_What you need to do:_ The line containing "The Taurus Jumper" marks the end; return exactly every line from the start of the records up to and including it, but no pictures.
__________________________________________________
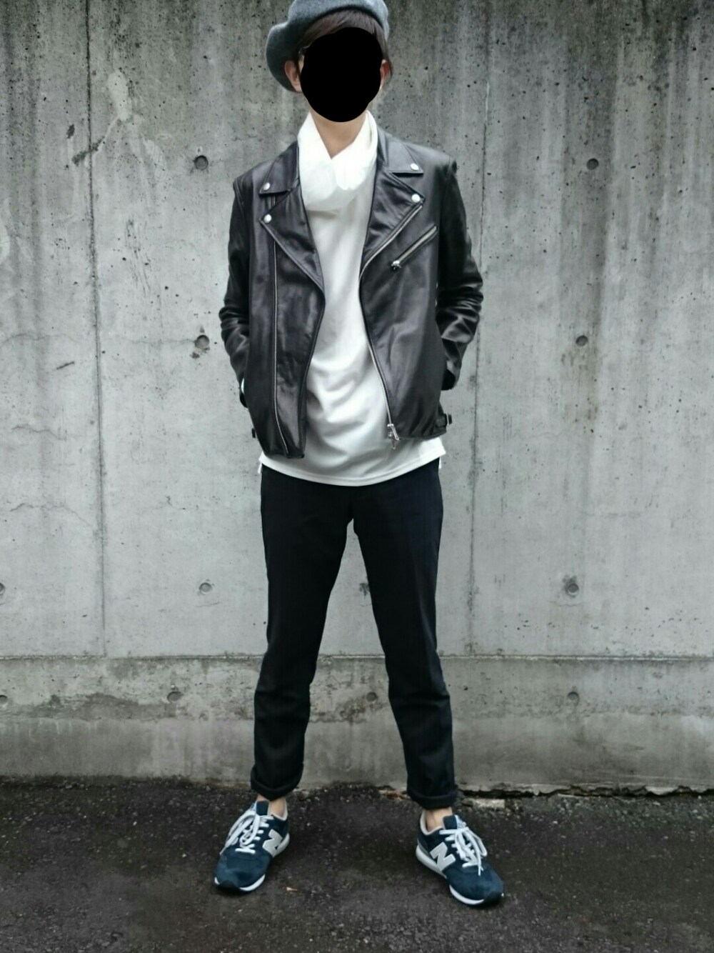 ライダースを使ったコーディネート。 上品ででも決めすぎてない感じに。 首元にボリュームがあるので、スラックスをロールアップして、足元はすっきりとした印象に。
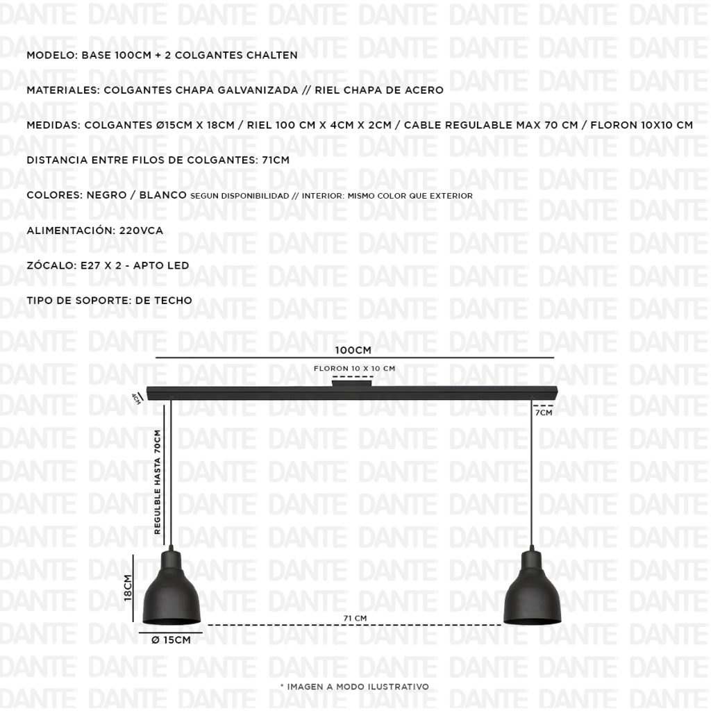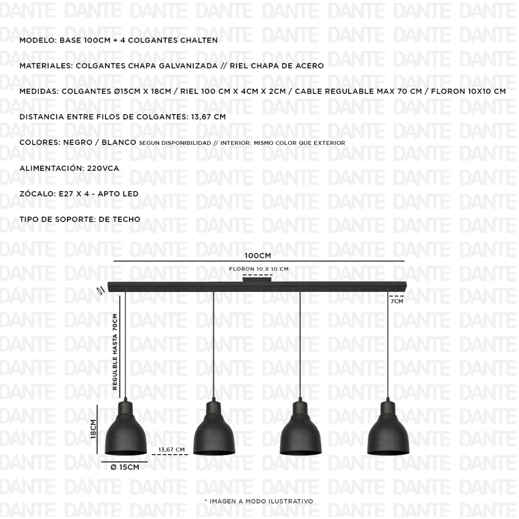 Colgante Chaltén Ø15 cm | 2 o 4 luces | Regleta de 1 metro | Estilo Industrial
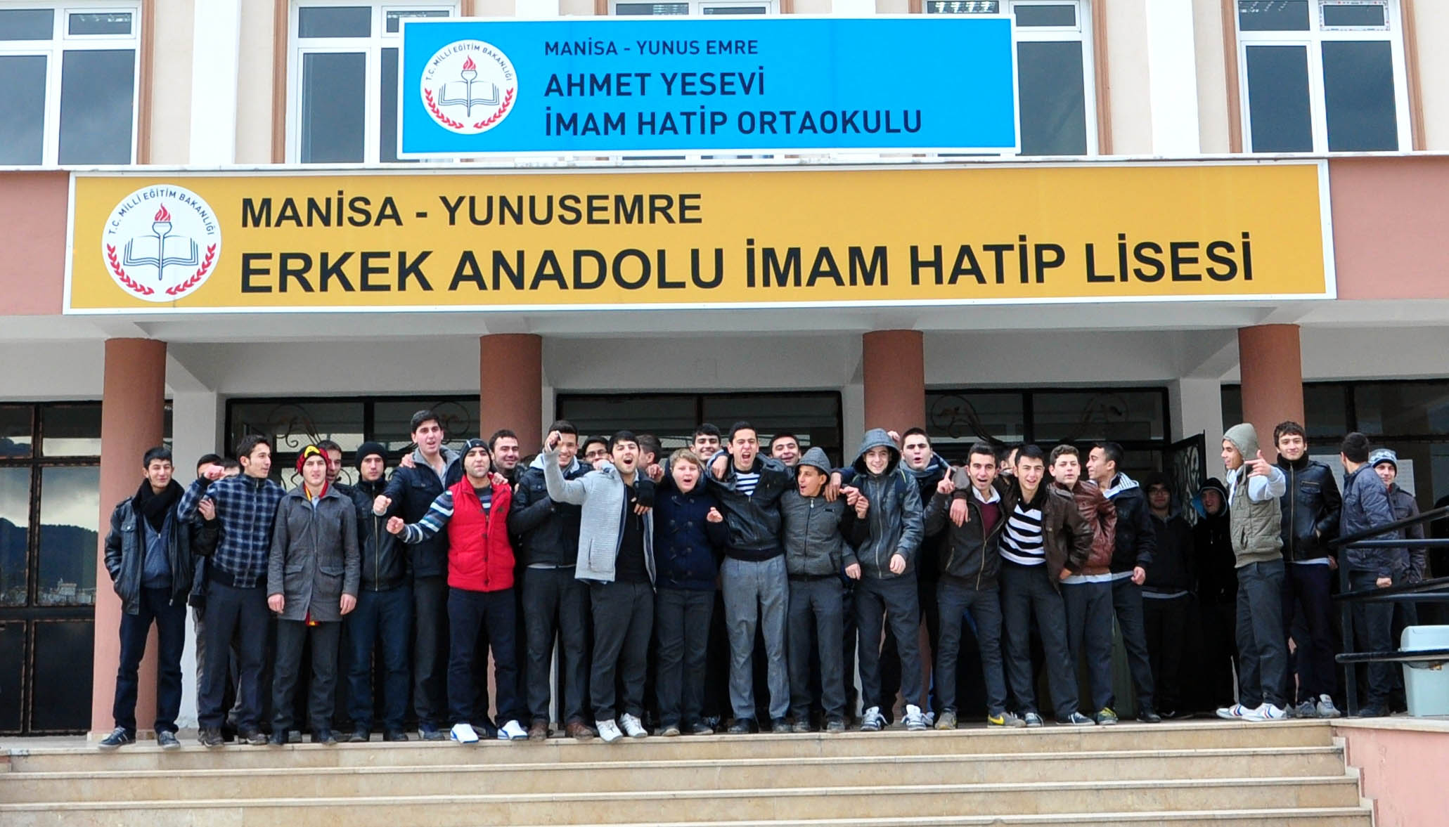 Manisa Yunus Emre Erkek Anadolu İmam Hatip Lisesi'ndeki ısıtma problemini protesto eden bir grup öğrenci, dışarıda ateş yakarak ısınmaya çalıştı
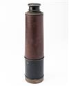 A BRASS AND LEATHER FOUR-DRAW STALKING TELESCOPE,
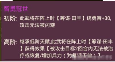 【豪勇·文丑】需要进阶两次,由【夫勇·文丑】开始进阶,该武将是跨消15W档次的武将,上阵豪勇·文丑可以让筹谋·田丰的三围+30,且让田丰在攻击敌方时让目标2回合内无法被治疗。
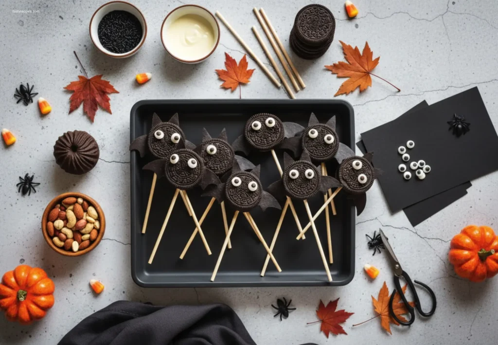- Add Wings: While the chocolate is still wet, gently press two scraped Oreo cookie halves onto the sides of the chocolate-covered ball. These are the bat wings. Put them a bit up to look like they are flying.
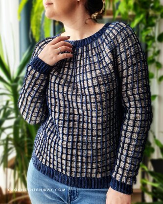 The Taurus Jumper is a unisex yoked sweater with a seamless, top-down construction. Using a combination of extended single crochet and tall stitches worked using at least two contrasting colors, it features an interesting grid-like effect that starts from the neck and continues seamlessly on the yoke, body and sleeves. Using a single color at a time, this advanced pattern walks you through each step from start to finish, providing customization ideas along the way to truly make the sweater yours.
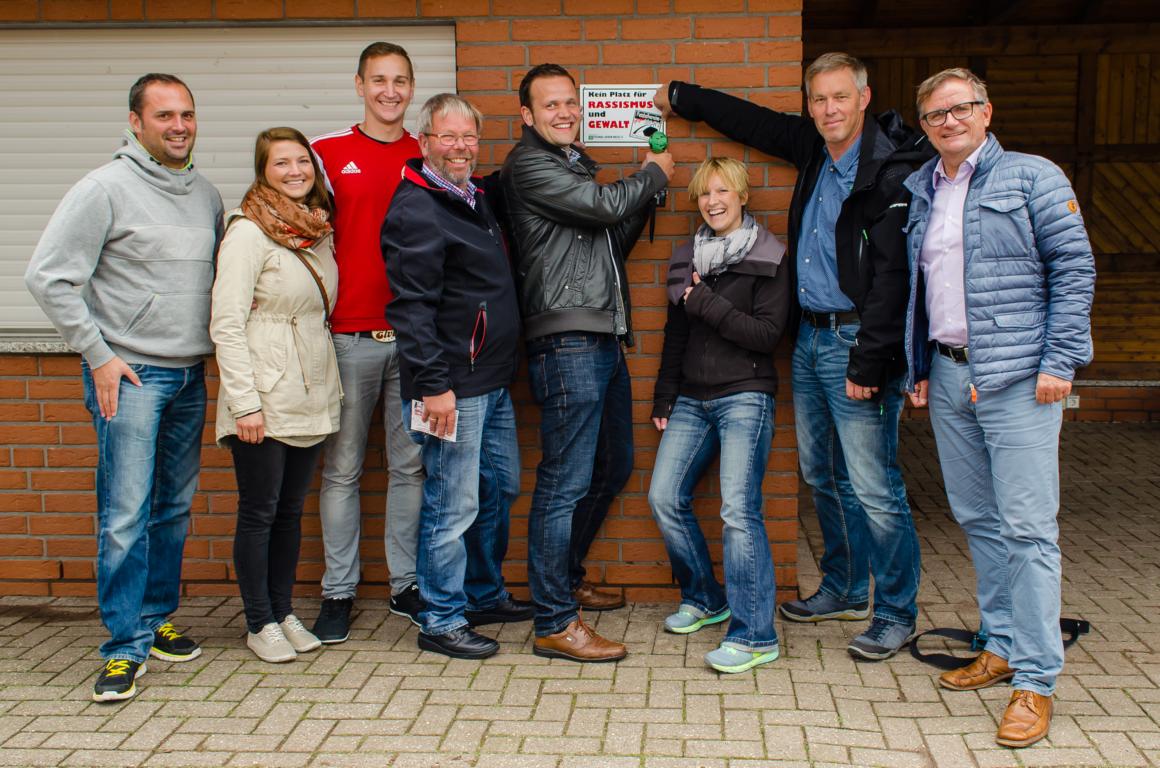 Die 1.-Herren-Fußballer des VfL Kloster Oesede machten auf dem Weg zu ihrem Auswärtsspiel in Haste Station in Hagen und überreichten den Organisatoren einen Scheck über 250 Euro. Eine ganz tolle Geste der VfL-Kicker! Auch Vertreter des Niedersächischen Fußballverbandes schauten vorbei und übergaben neben einer Spende auch ein Schild mit der Aufschrift "Kein Platz für Rassismus und Gewalt", das der HSV am Verkaufsstand am Rasenplatz anbringen möchte. Bernd Kettmann, Vorsitzender des NFV-Kreises OS-Land, und NFV-Präsidiums-Mitglied Frank Schmidt dankten den Organisatoren und dem Hagener SV für diese gelungene Aktion und zitierten den ehemaligen DFB-Präsidenten Egidius Braun: "Fußball ist mehr als ein 1:0!". Klaus Herkenhoff, 2. Vorsitzender des HSV, wies auf gelebte Integration innerhalb des Sportvereins hin. Als Beispiel nannte er den Iraker Fathi Salar, der seit dieser Saison in der 2. Mannschaft spielt und in der Partie gegen die Dritte seinen ersten Treffer erzielte.
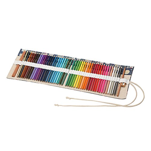 Très Chic Mailanda Sacchetto della Matita con 48 Buco Canvas Wrap per Matita per Studenti Ragazzi Ragazze Astucci in Boemo Porta penne(matite non incluse) (Gufo blu)
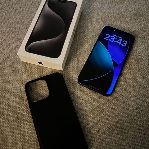 Apple iPhone 15 Pro Max mobiltelefon med 256 GB lagringskapasitet. Telefonen har en moderne design og er egnet for brukere som trenger god lagringsplass til apper, media og filer. Med eske og ledning.
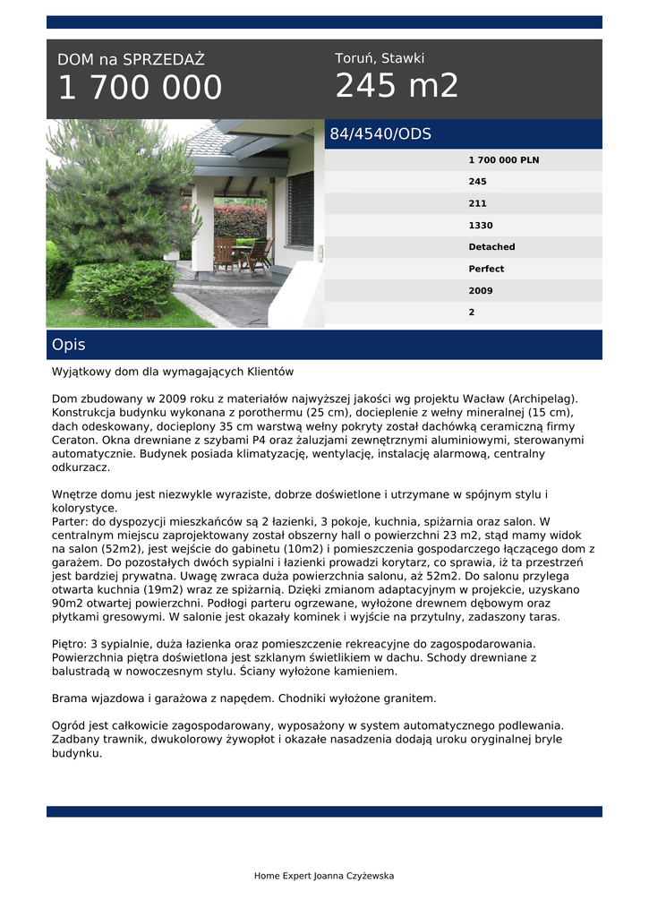 Toruń, Stawki DOM na SPRZEDAŻ 245 m2 1 700 000 84/4540/ODS 1 700 000 PLN 245 211 1330 Detached Perfect 2009 2 Opis Wyjątkowy dom dla wymagających Klientów Dom zbudowany w 2009 roku z materiałów najwyższej jakości wg projektu Wacław (Archipelag). Konstrukcja budynku wykonana z porothermu (25 cm), docieplenie z wełny mineralnej (15 cm), dach odeskowany, docieplony 35 cm warstwą wełny pokryty został dachówką ceramiczną firmy Ceraton. Okna drewniane z szybami P4 oraz żaluzjami zewnętrznymi aluminiowymi, sterowanymi automatycznie. Budynek posiada klimatyzację, wentylację, instalację alarmową, centralny odkurzacz. Wnętrze domu jest niezwykle wyraziste, dobrze doświetlone i utrzymane w spójnym stylu i kolorystyce. Parter: do dyspozycji mieszkańców są 2 łazienki, 3 pokoje, kuchnia, spiżarnia oraz salon. W centralnym miejscu zaprojektowany został obszerny hall o powierzchni 23 m2, stąd mamy widok na salon (52m2), jest wejście do gabinetu (10m2) i pomieszczenia gospodarczego łączącego dom z garażem. Do pozostałych dwóch sypialni i łazienki prowadzi korytarz, co sprawia, iż ta przestrzeń jest bardziej prywatna. Uwagę zwraca duża powierzchnia salonu, aż 52m2. Do salonu przylega otwarta kuchnia (19m2) wraz ze spiżarnią. Dzięki zmianom adaptacyjnym w projekcie, uzyskano 90m2 otwartej powierzchni. Podłogi parteru ogrzewane, wyłożone drewnem dębowym oraz płytkami gresowymi. W salonie jest okazały kominek i wyjście na przytulny, zadaszony taras. Piętro: 3 sypialnie, duża łazienka oraz pomieszczenie rekreacyjne do zagospodarowania. Powierzchnia piętra doświetlona jest szklanym świetlikiem w dachu. Schody drewniane z balustradą w nowoczesnym stylu. Ściany wyłożone kamieniem. Brama wjazdowa i garażowa z napędem. Chodniki wyłożone granitem. Ogród jest całkowicie zagospodarowany, wyposażony w system automatycznego podlewania. Zadbany trawnik, dwukolorowy żywopłot i okazałe nasadzenia dodają uroku oryginalnej bryle budynku. Home Expert Joanna Czyżewska Home Expert Joanna Czyżewska tel. 56/476 09 55 email: [email protected] Home Expert Joanna Czyżewska Powered by TCPDF (www.tcpdf.org)
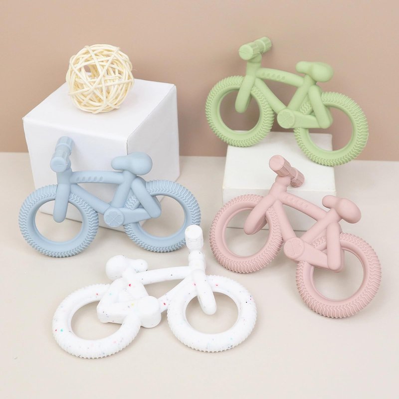 Socub baby teether toys in bike shape are made of food grade silicone that is BPA free.
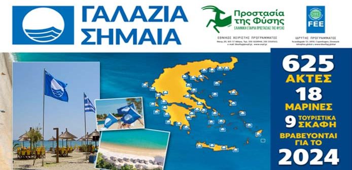 Ανακοινώθηκαν οι βραβευμένες ακτές, μαρίνες και σκάφη του προγράμματος «Γαλάζια Σημαία» για το 2024. Η Χαλκιδική αναδείχθηκε και πάλι πρωταθλήτρια σε επίπεδο περιφερειακής ενότητας με 95 βραβευμένες ακτές, ενώ η Ρόδος ακολουθεί με 54.
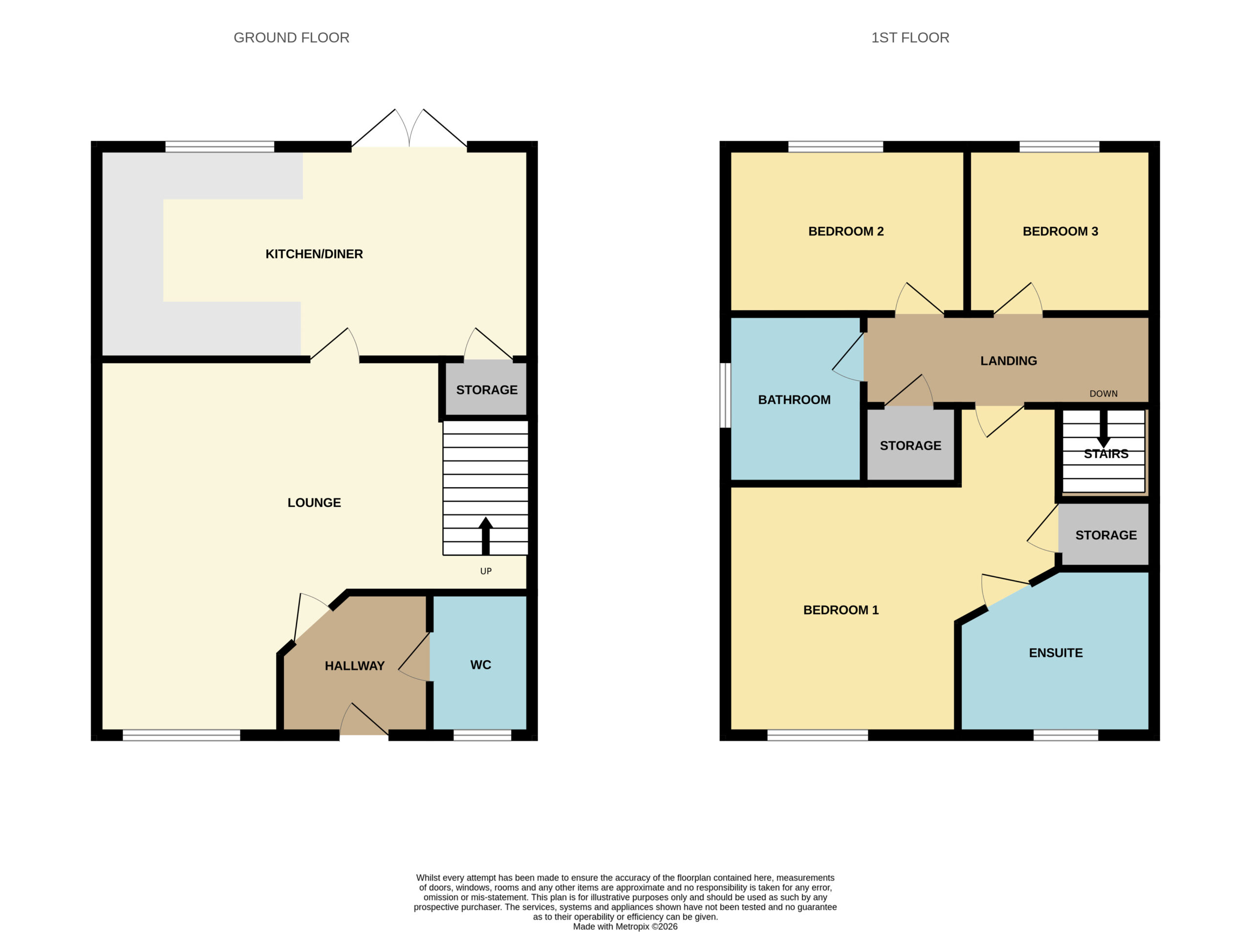 Upstairs, the home offers three well-proportioned bedrooms, including a principal bedroom with its own en-suite shower room, alongside a modern family bathroom. Further benefits include a convenient ground floor WC, making the layout perfectly suited to modern family life.
__________________________________________________
_Written solution:_
 ライダースを使ったコーディネート。 上品ででも決めすぎてない感じに。 首元にボリュームがあるので、スラックスをロールアップして、足元はすっきりとした印象に。
 Colgante Chaltén Ø15 cm | 2 o 4 luces | Regleta de 1 metro | Estilo Industrial
 Manisa Yunus Emre Erkek Anadolu İmam Hatip Lisesi'ndeki ısıtma problemini protesto eden bir grup öğrenci, dışarıda ateş yakarak ısınmaya çalıştı
 A BRASS AND LEATHER FOUR-DRAW STALKING TELESCOPE,
 【豪勇·文丑】需要进阶两次,由【夫勇·文丑】开始进阶,该武将是跨消15W档次的武将,上阵豪勇·文丑可以让筹谋·田丰的三围+30,且让田丰在攻击敌方时让目标2回合内无法被治疗。
- Add Wings: While the chocolate is still wet, gently press two scraped Oreo cookie halves onto the sides of the chocolate-covered ball. These are the bat wings. Put them a bit up to look like they are flying.
 The Taurus Jumper is a unisex yoked sweater with a seamless, top-down construction. Using a combination of extended single crochet and tall stitches worked using at least two contrasting colors, it features an interesting grid-like effect that starts from the neck and continues seamlessly on the yoke, body and sleeves. Using a single color at a time, this advanced pattern walks you through each step from start to finish, providing customization ideas along the way to truly make the sweater yours.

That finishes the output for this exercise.